Within the report. ONS published a revised series of net migration estimates for the UK. Published tables have been updated on the ONS website to include the revised estimates. The report (1.04 Mb Pdf). a summary and guidance (55.9 Kb Pdf) on how to use these revised figures are available on the ONS website.
Note on use of LTIM and IPS in the MSQR
The MSQR uses LTIM estimates where available. However, for some combinations of variables it is not possible to aggregate IPS survey data up to full LTIM statistics. In such cases the IPS statistics are presented, which exclude the various adjustments used to create LTIM: asylum seekers, non-asylum enforced removals, visitor and migrant switchers and flows to and from Northern Ireland. This means that the IPS totals will not match LTIM totals, but will still give a good measure of magnitude and direction of change. In the main body of the report (Section 1 onwards) any IPS statistics are indicated as such.
Notes for Introduction
There have been references to the target in documents and speeches. For example:
1. Net migration to the UK
This section describes the latest international migration statistics within the context of the historical time series of the statistics and sets out the likely drivers behind the trends observed.
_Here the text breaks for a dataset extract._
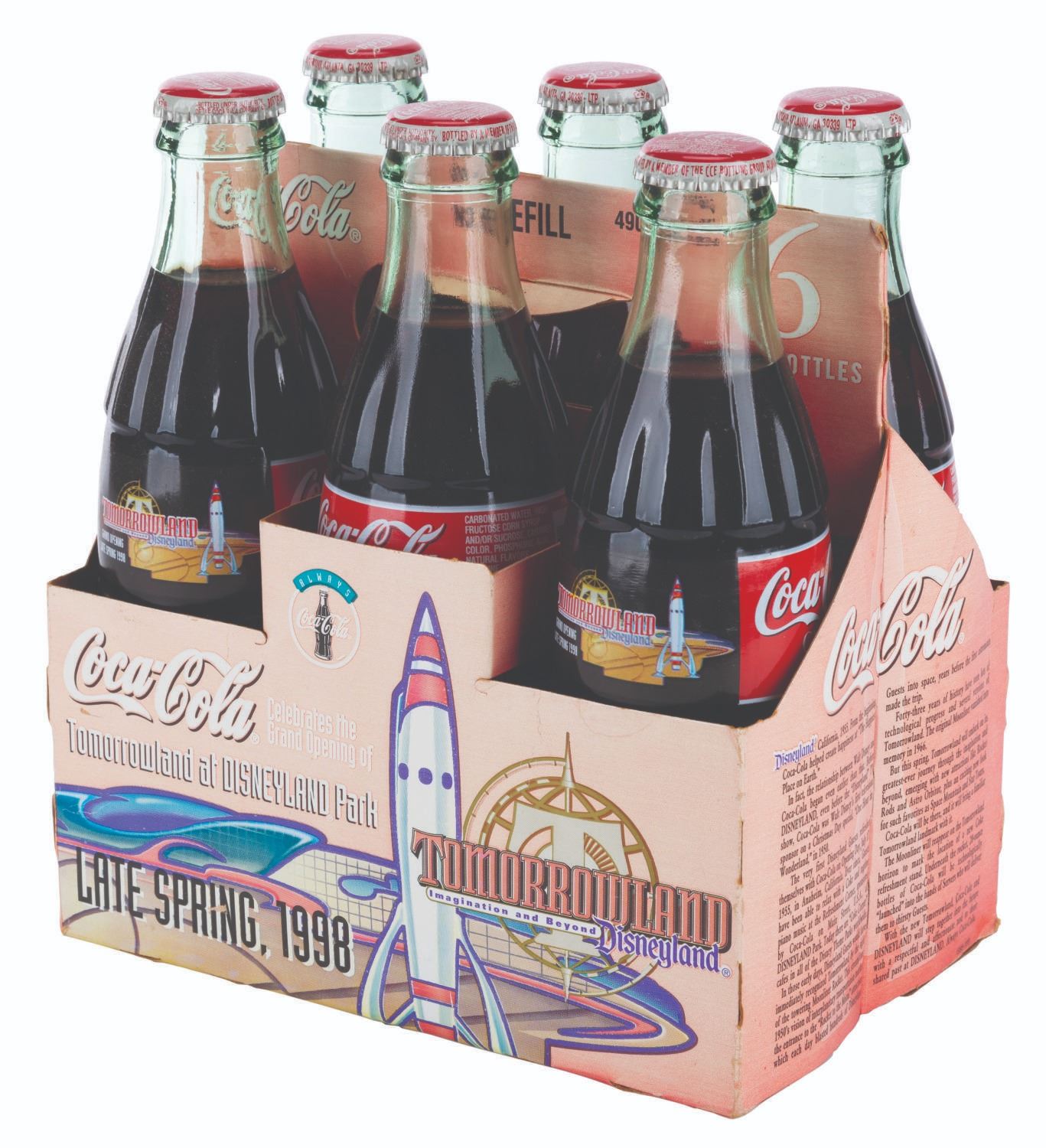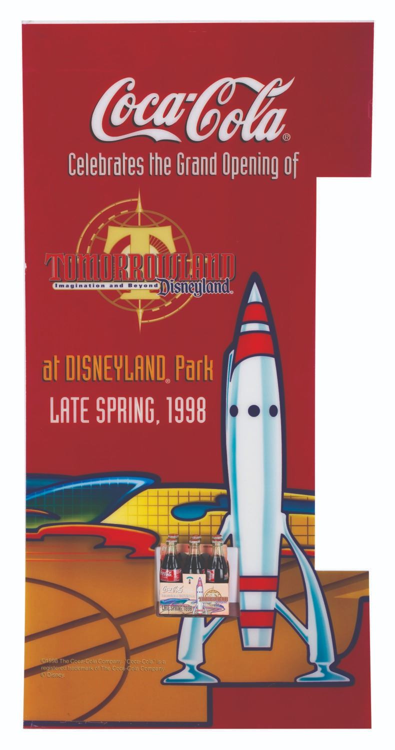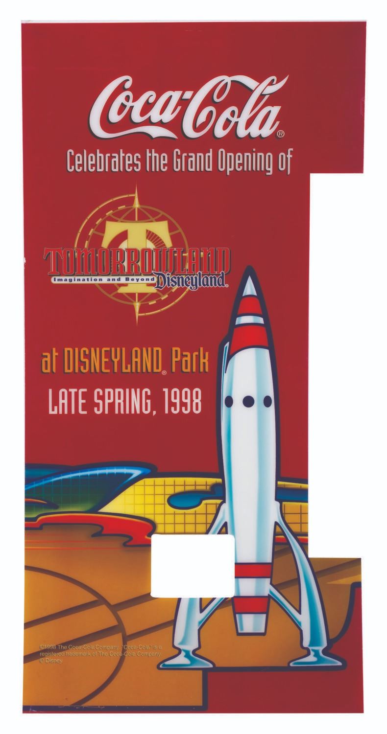 (Disneyland, 1998) A plastic Coca-Cola vending machine front panel and a six-pack of glass Coke bottles promoting the opening of New Tomorrowland in late spring 1998. Vending machines throughout Southern California were reskinned with panels like this one touting the upcoming $100 million renovation to the land. The 36” x 76” vending machine cover displays in very good condition with typical paint loss, scuffs, and wear from Park use, while the 4.75” x 7” x 7.75” tall six-pack is in good condition with creases, stains, wear, and heavy discoloration from age. Please note that the six-pack is for collecting purposes only and is not recommended for consumption.

Net migration is the difference between immigration and emigration. The net migration estimate for the year ending September 2014 is 298,000 and has a confidence interval of +/-43,000. This is a statistically significant increase from the estimate of 210,000 (+/-36,000) in the previous year. This continues the generally increasing trend in net migration over the last two years since the recent low of 154,000 in the year ending September 2012.
Figure 1.1a shows rolling annual estimates from the year ending December 2004 onwards. This shows that net migration remains lower than the peak of 320,000 in the year ending June 2005. Figure 1.1b provides annual totals from 1970 to 2013 to show the longer-term context.
Figure 1.1a: Long-Term International Migration, 2004 to 2014 (year ending September 2014)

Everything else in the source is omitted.